# Beta test need a willing victim



## Alec Hopp (Apr 12, 2010)

Ok I have made furr suits on and off for years mostly as team mascots  U Albanys old eagle SCCC's blue Falcon my own air bases Raven and a bunch of wolves. I have not done it in a decade and never for a fur suiter Soooo I need one of you guys to be my fashion victim to see if I can do it. Hears the deal you give me what you want (not just a tail) a full sculpt I will do it free and if I do it well you plug me and let me have some pics so I can show it off and get more contracts I will leave this open for 10 days best idea wins cant promise a turn around time thats based on complexity of idea as well as over all suit cost. I will not spend more then $500 on this project so dont get super crazy. I do and like electronics in suits and can do glowing eyes and such. Gota dig up my wolf night from 1997 that suit was scary cool looked like a werwolfe from dog soldiers.
Alec
Ohh not to be sexist but a male preferd the first time womens stuff is super tough.


----------



## Kohaku Chimaera (Apr 12, 2010)

Lemme get this right.
You're looking for a character/design to make a fursuit, technically for free.  And in return ask for a bit of advertising?  o-o


----------



## Charlie (Apr 12, 2010)

I can be a victim if you do wish, sorry i am a female though XD
I do have a boy-ish character though.


----------



## Fuyu Arashi (Apr 12, 2010)

I have some male characters you can work on. I do want a fur suite to fit me though. I'm only 5'.


----------



## airfurce (Apr 12, 2010)

Are we talking a full fursuit?  i would love to have a partial of my fursona.


----------



## Lynxx (Apr 12, 2010)

I know ONE thing.
Making a (good) fursuit costs alot of time.


----------



## fuzthefurfox (Apr 12, 2010)

i want a fursuit -.-
but if you think of a good way to send it to me... ill gladly show it off for you .... as long as its free
and i would LOVE to have a fursuit 
im a litte over 5 feet tall ill have to get exact measurements and i have a good character in mind that i think would be very easy to do and would look good


----------



## Zrcalo (Apr 12, 2010)

I want to see pictures of your previous works.. 
that and I want to know what assembly styles are you using...
foam? balacava? mesh? resin? 

very interested to see what comes of it.


----------



## Lasolimu (Apr 12, 2010)

I would also be very interested in your offer, my character is pretty much wolf and I am male. I would be happy to give you a plug and pictures if I like it.


----------



## Sumi (Apr 12, 2010)

Heck I wouldn't mind either! :3 I'd show it off for ya all you wanted xD


----------



## Dasaki (Apr 12, 2010)

Doubt I'll get picked but I'll through me name in the hat. I'm rather tall at about 6'2 or so, so that would drive costs up.
Male, Nevrean-http://www.furaffinity.net/view/2269632/ (Not me, just species ref) and, as far as I know theres never been a Nevrean suit made, just Sergals.
If I do get picked, there shouldn't be any issues with copyright as your offering this for promotion, and I have more pictures including my coloring.


----------



## Nylak (Apr 12, 2010)

PICK ME PICK ME *dance dance dance!*

Okay, I'm female, but my fursona is as fucking androgynous as she can get (*points at sig*). It's also extremely simple; two colours, no markings, no long fur, just plain brown with a tan throat/chest, only earrings for accessories. Could be a full suit or a partial, whatever you want practice in.
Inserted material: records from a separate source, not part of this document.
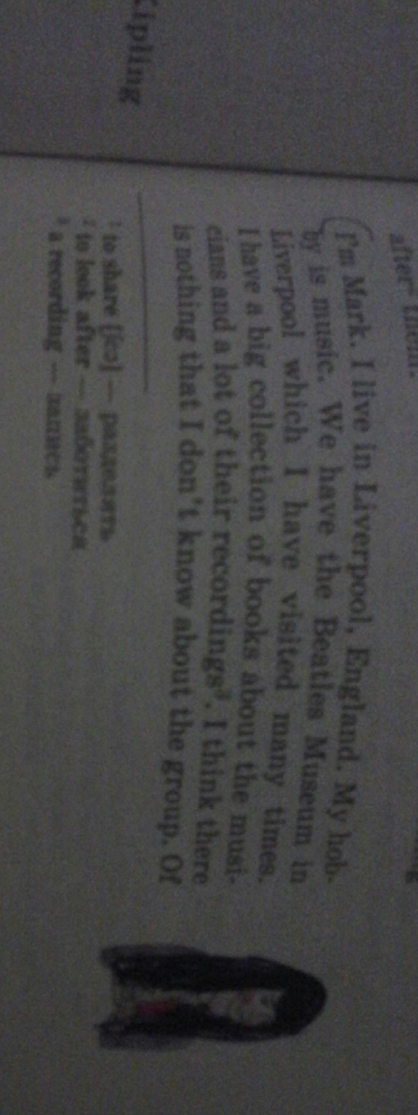 Я Марк. Я живу в Ливерпуле, в Англии. Мое хобби- музыка. В Ливерпуле есть музей группы Битлз, который я посетил много раз. У меня есть большая коллекция книг о музыкантах и многих их записях. Я думаю нет ничего, что я не знаю об этой группе.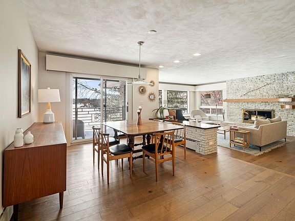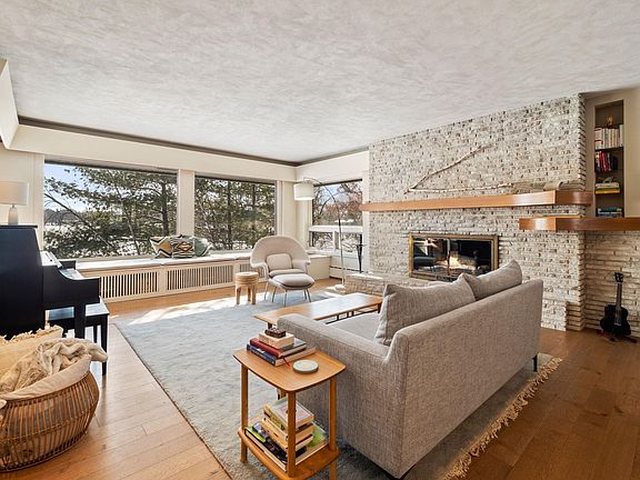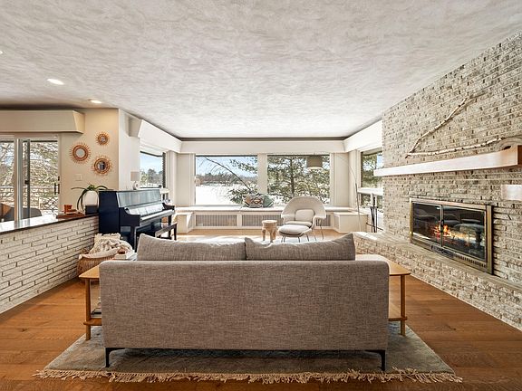 This beautiful midcentury modern home is nestled on 3.7 acres, with 267 ft of shoreline on Gilfillan Lake. The main level includes 4 bedrooms, 2 full bathrooms, expansive windows in the kitchen, dining and living room with natural light & vast lake views. The kitchen includes a SubZero fridge, water osmosis system, island cooktop and entryway to the floating deck. The finished basement features a wet bar, work room with desk, floor to ceiling windows in the family room, a fireplace and a large recreational space to make your own. Down the hall, find a secondary living suite with a kitchenette, bedroom, and full bathroom. The laundry room is spacious with plenty of storage. The lower level walkout invites you to enjoy the patio and private yard with stunning views, prairie flowers, trails through the mature trees, and plenty of gardening space. Lastly, this gem is located in the sought-after Mounds View School District.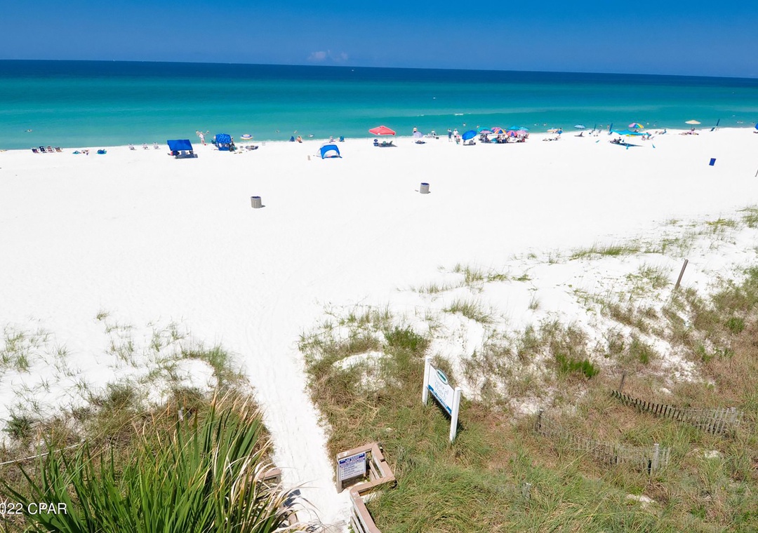The beach is wide and deep and reminds one of "old Florida". Less than a mile away is gorgeous St. Andrews State Park. Grand Lagoon touches the park to the north and to the south, the beautiful Gulf. Swimming and fishing are great at the park without the large crowds!

So, I guess it'd be a good option if you wanted something...simple. XD  Probably not if you want something challenging, or something that would stand out, I suppose.
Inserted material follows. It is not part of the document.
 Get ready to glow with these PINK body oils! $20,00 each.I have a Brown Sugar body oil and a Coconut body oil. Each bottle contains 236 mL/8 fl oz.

Also, I can advertise you somewhat well, as I'm rather active in the community, including artistically.


----------



## Atrak (Apr 12, 2010)

Nylak said:


> PICK ME PICK ME *dance dance dance!*
> 
> Okay, I'm female, but my fursona is as fucking androgynous as she can get (*points at sig*). It's also extremely simple; two colours, no markings, no long fur, just plain brown with a tan throat/chest, only earrings for accessories. Could be a full suit or a partial, whatever you want practice in.
> 
> ...



You still have breasts.

Which are nice.

You can do my character, Shade, if you like.

He's a pretty common wolf.

Here.


----------



## Nylak (Apr 12, 2010)

atrakaj said:


> You still have breasts.
> 
> Which are nice.


 
I feel the need to point out that a suit needn't have breasts _added _unless you don't actually have real ones underneath it. XD


----------



## kyle19 (Apr 12, 2010)

You could make Kyle if you want. He's a Husky/ Shepard mix, ref is in sig.


----------



## Zrcalo (Apr 13, 2010)

I WANT TO SEE YOUR PRIOR WORKS


----------



## Atrak (Apr 13, 2010)

Zrcalo said:


> I WANT TO SEE YOUR PRIOR WORKS



Don't be shy.

Speak up.

Here's one.


----------



## CatalinaTamiko (Apr 13, 2010)

well i can offer a simple one if you are interested. her Name is Catalina. A 6'4" tiger/panther hybrid. The fur is easy, as its mostly gray, with white ventral a puff of fur just over her breasts and a tiger stripes. Her eyes are bright bright sapphire blue. 

refs:
http://www.furaffinity.net/view/3639537
http://www.furaffinity.net/view/3608086



my other idea is super complex. but still manageable.  My former fursona Angelus. 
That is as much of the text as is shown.